### PROBLEM STATEMENT
Beginning at the line that contains "Décédée à Libramont (6800)", reproduce the entries below exactly, ending with the line that contains "Modeldress Women S". Omit each picture.

[Dataset entries]

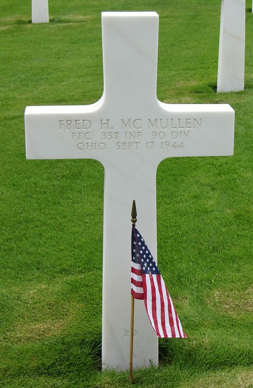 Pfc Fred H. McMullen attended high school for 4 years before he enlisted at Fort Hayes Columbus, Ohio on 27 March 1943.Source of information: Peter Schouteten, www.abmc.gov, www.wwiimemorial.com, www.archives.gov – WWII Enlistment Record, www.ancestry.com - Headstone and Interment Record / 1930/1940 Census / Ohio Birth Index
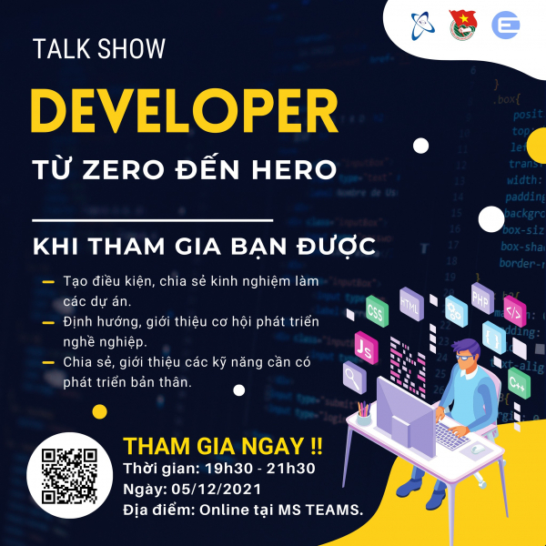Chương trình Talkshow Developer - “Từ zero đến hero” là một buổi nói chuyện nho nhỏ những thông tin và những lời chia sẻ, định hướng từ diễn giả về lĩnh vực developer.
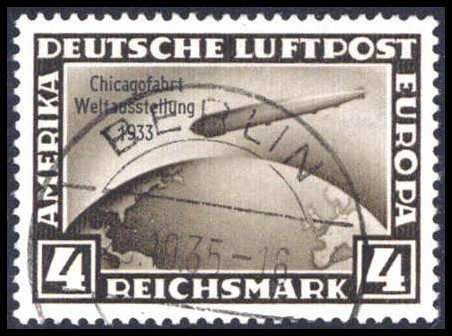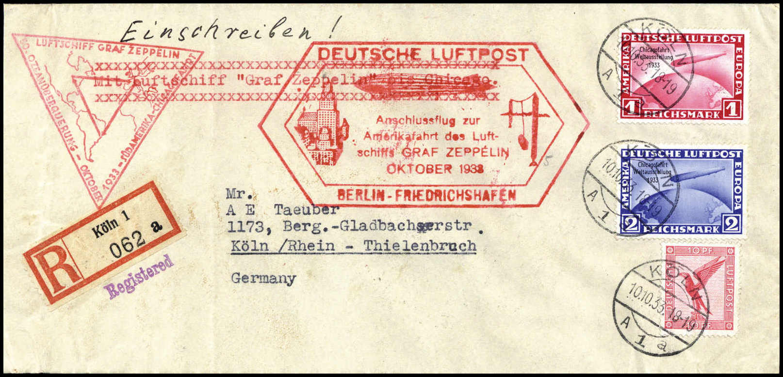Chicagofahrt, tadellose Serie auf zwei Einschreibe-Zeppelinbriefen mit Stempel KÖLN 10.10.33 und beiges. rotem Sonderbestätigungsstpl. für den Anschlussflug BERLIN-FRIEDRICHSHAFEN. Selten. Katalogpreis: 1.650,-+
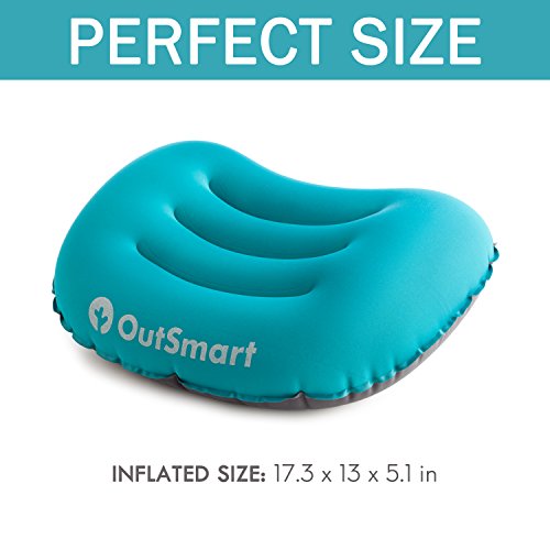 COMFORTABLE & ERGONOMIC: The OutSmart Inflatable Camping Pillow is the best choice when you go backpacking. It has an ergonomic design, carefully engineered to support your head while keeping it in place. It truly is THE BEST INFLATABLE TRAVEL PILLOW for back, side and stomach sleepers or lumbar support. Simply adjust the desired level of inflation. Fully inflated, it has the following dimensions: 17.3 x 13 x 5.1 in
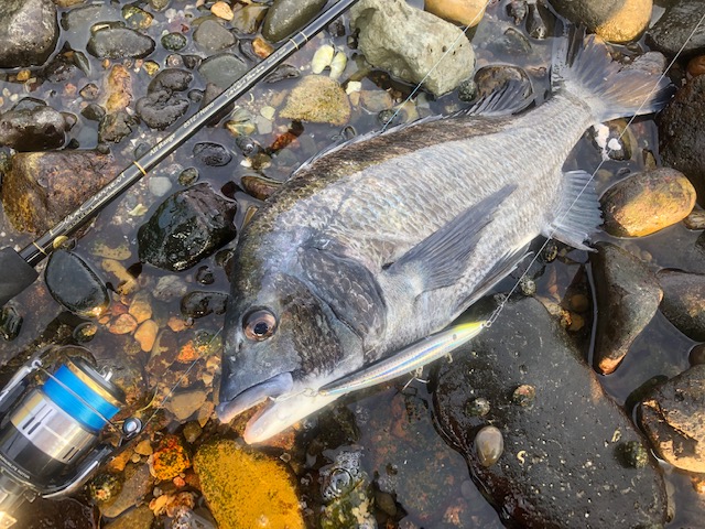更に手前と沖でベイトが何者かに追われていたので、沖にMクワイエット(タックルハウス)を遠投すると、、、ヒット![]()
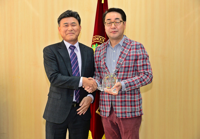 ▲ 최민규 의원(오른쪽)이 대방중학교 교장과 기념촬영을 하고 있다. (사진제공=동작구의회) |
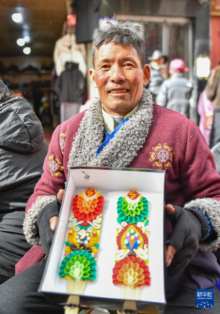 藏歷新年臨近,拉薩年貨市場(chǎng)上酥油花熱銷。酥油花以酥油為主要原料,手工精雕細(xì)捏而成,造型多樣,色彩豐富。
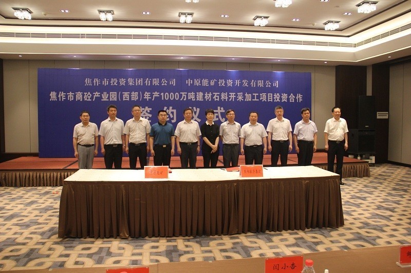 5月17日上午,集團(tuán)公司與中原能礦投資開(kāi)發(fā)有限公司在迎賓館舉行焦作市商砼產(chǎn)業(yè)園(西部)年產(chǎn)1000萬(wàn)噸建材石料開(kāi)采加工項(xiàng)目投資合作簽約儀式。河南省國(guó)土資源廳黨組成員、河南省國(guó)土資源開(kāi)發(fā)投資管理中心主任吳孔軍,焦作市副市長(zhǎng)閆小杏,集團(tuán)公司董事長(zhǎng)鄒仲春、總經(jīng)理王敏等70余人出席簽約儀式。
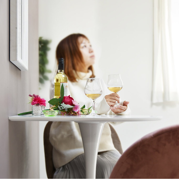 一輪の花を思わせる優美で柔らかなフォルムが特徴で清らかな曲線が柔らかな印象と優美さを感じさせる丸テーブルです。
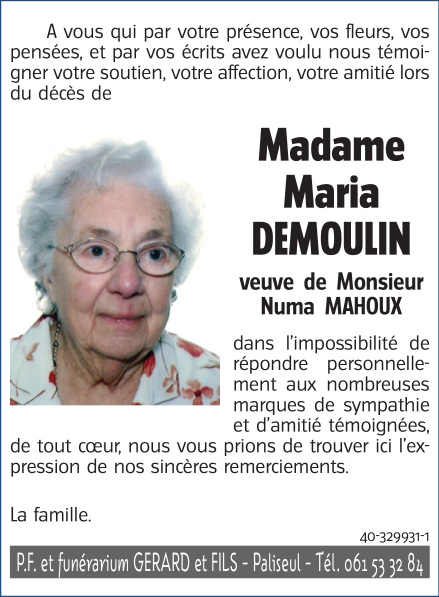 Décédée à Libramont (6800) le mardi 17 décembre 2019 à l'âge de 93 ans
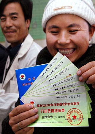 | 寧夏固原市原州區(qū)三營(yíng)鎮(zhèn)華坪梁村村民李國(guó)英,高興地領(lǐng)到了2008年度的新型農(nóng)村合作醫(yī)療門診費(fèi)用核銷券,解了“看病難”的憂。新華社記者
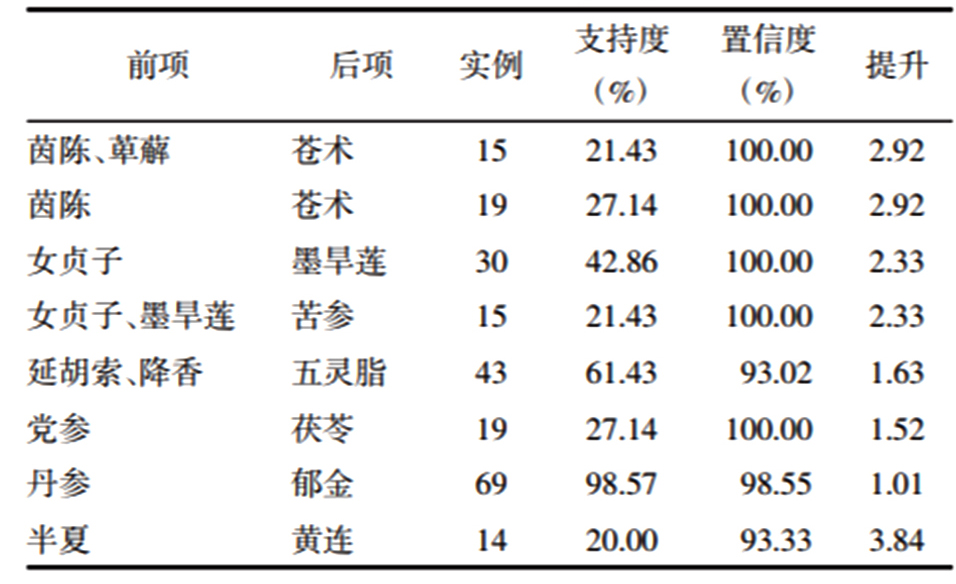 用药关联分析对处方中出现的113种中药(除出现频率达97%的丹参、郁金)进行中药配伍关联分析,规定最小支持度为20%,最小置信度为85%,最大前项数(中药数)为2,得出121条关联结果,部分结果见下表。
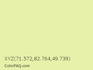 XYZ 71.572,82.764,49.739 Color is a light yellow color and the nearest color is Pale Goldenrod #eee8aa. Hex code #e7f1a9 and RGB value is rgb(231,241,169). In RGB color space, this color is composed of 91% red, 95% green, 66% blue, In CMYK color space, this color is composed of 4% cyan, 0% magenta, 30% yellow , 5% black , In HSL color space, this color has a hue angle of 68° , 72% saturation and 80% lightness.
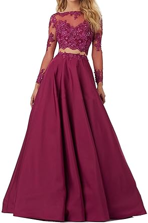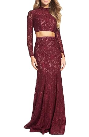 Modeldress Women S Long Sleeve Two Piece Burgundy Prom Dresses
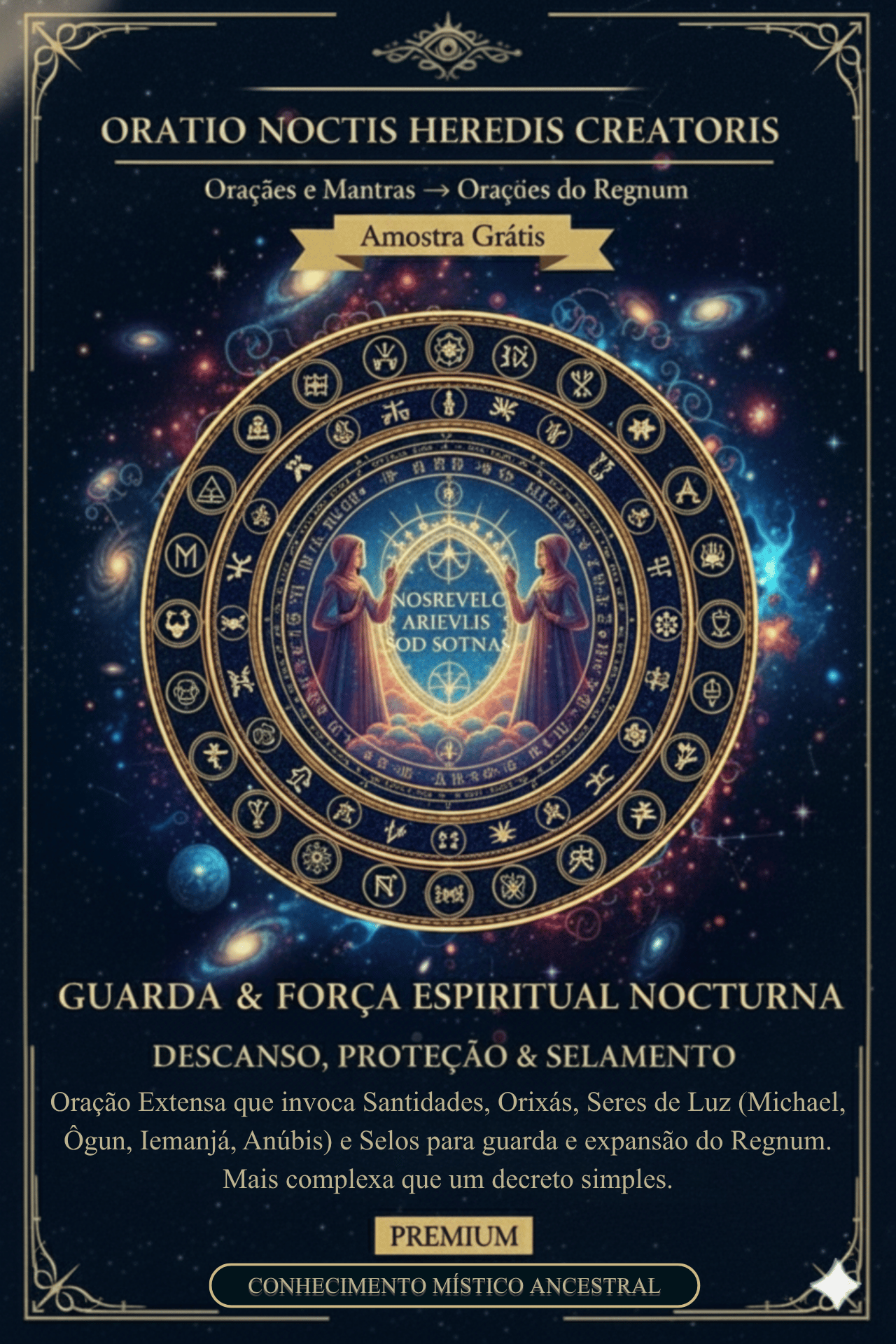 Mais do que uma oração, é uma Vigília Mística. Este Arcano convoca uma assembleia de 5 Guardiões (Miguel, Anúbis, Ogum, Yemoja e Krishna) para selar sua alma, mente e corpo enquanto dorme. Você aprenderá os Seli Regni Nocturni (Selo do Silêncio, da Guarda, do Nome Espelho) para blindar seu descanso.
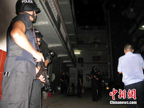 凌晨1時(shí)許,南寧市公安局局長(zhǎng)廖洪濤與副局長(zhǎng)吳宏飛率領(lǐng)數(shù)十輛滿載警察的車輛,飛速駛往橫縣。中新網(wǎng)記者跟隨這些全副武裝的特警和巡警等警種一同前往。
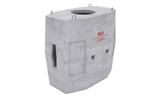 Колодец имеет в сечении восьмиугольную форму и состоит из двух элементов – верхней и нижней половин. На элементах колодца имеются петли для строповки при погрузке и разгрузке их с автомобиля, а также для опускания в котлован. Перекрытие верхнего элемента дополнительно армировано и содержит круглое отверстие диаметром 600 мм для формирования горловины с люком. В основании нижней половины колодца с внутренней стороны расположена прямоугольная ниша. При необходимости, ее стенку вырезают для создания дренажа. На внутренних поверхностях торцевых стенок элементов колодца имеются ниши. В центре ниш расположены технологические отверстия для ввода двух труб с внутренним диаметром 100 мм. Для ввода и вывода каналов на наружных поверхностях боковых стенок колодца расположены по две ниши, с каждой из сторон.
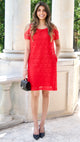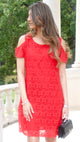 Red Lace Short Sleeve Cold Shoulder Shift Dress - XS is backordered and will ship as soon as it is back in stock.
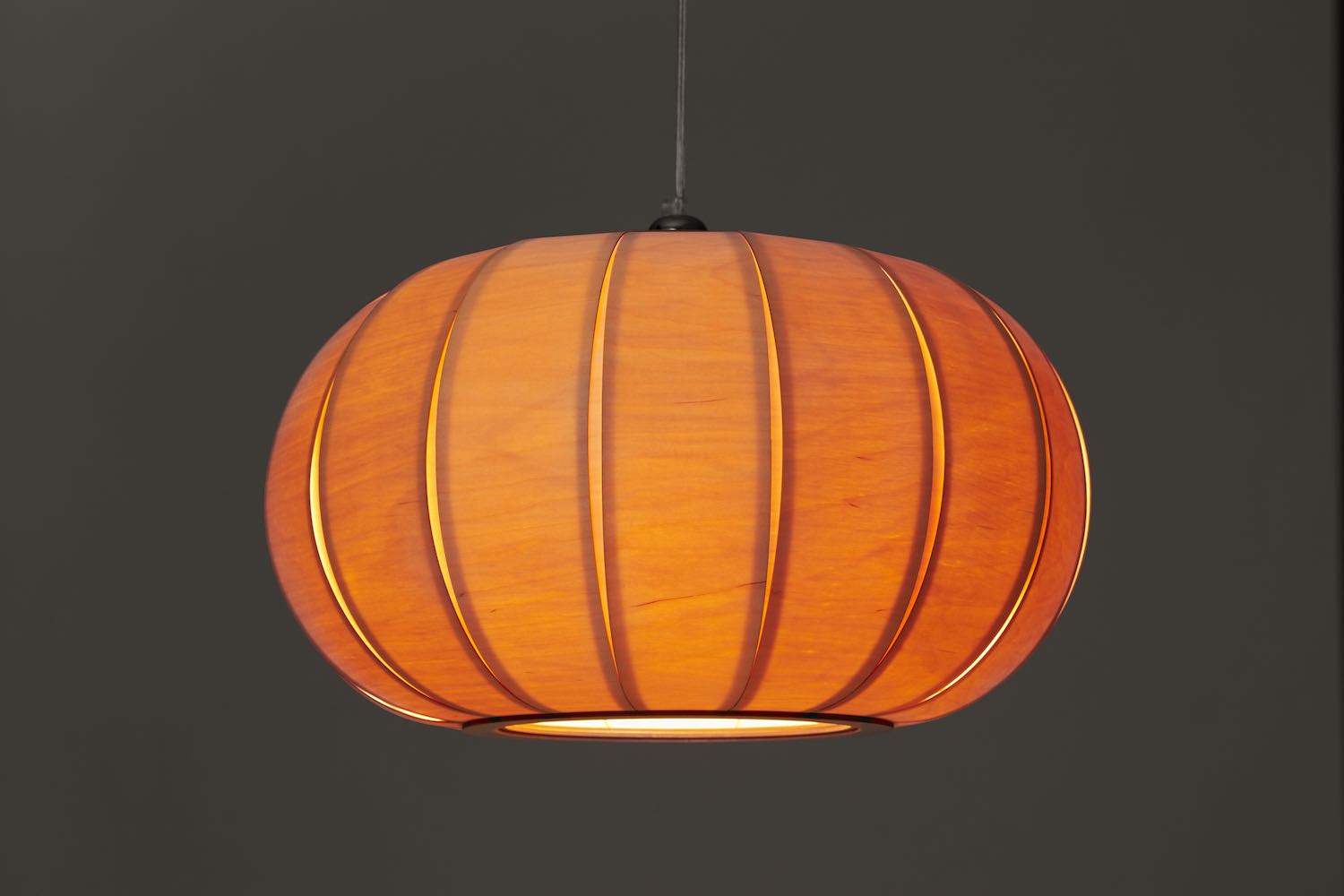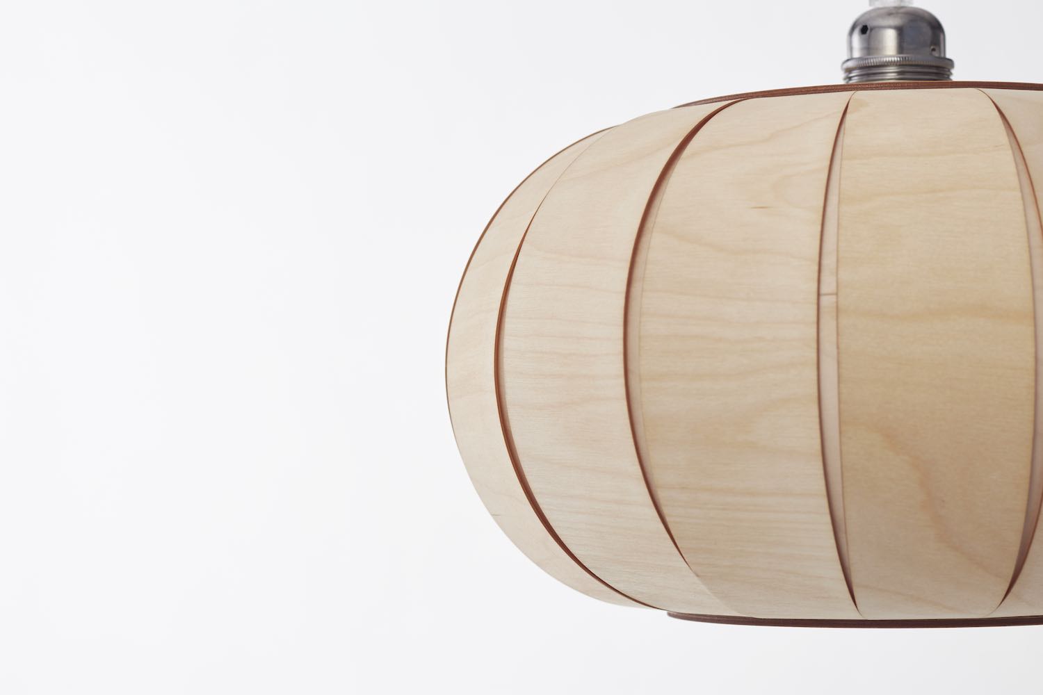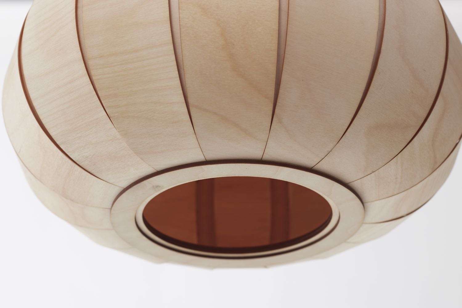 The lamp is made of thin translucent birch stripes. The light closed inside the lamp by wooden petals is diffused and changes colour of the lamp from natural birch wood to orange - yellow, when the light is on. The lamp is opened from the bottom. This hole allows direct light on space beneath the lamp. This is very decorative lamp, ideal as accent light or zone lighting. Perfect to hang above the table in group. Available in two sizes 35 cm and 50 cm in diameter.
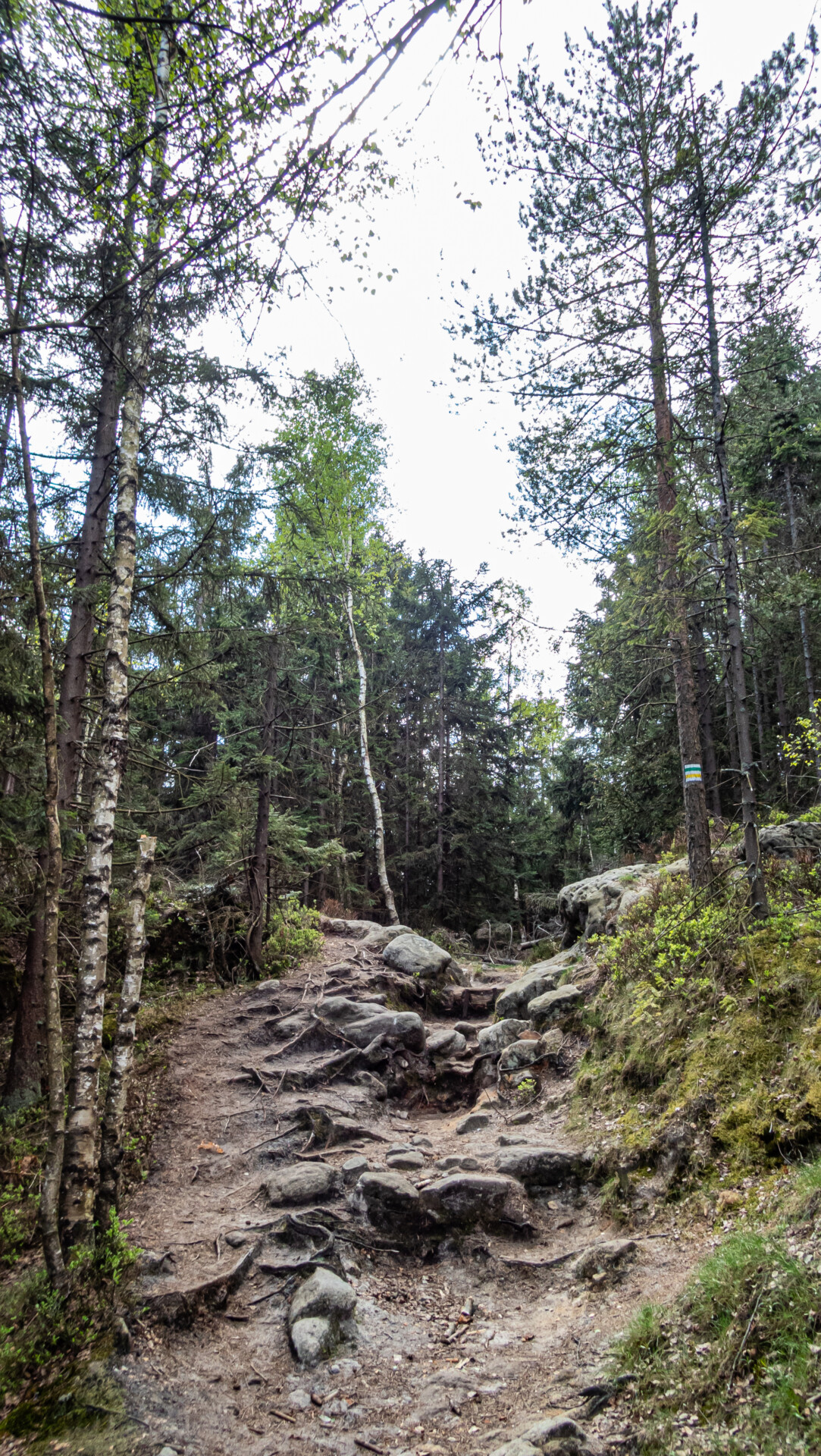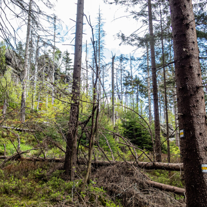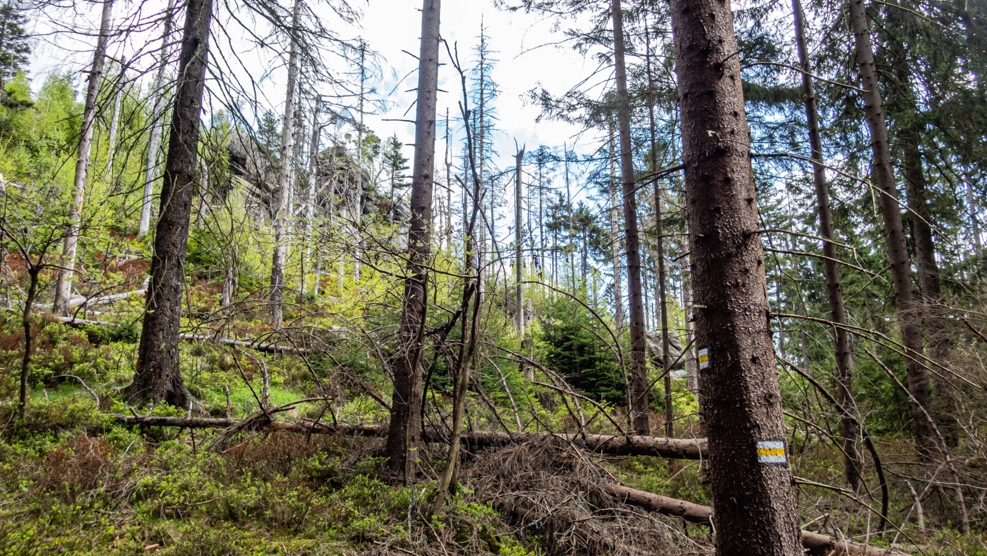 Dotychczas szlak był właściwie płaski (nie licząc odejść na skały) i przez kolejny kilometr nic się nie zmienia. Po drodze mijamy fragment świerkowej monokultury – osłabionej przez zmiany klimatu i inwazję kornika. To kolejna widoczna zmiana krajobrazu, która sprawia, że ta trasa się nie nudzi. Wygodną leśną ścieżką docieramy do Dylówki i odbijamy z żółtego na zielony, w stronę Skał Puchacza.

### ANSWER
 Décédée à Libramont (6800) le mardi 17 décembre 2019 à l'âge de 93 ans
 | 寧夏固原市原州區(qū)三營(yíng)鎮(zhèn)華坪梁村村民李國(guó)英,高興地領(lǐng)到了2008年度的新型農(nóng)村合作醫(yī)療門診費(fèi)用核銷券,解了“看病難”的憂。新華社記者
 用药关联分析对处方中出现的113种中药(除出现频率达97%的丹参、郁金)进行中药配伍关联分析,规定最小支持度为20%,最小置信度为85%,最大前项数(中药数)为2,得出121条关联结果,部分结果见下表。
 XYZ 71.572,82.764,49.739 Color is a light yellow color and the nearest color is Pale Goldenrod #eee8aa. Hex code #e7f1a9 and RGB value is rgb(231,241,169). In RGB color space, this color is composed of 91% red, 95% green, 66% blue, In CMYK color space, this color is composed of 4% cyan, 0% magenta, 30% yellow , 5% black , In HSL color space, this color has a hue angle of 68° , 72% saturation and 80% lightness.
 Modeldress Women S Long Sleeve Two Piece Burgundy Prom Dresses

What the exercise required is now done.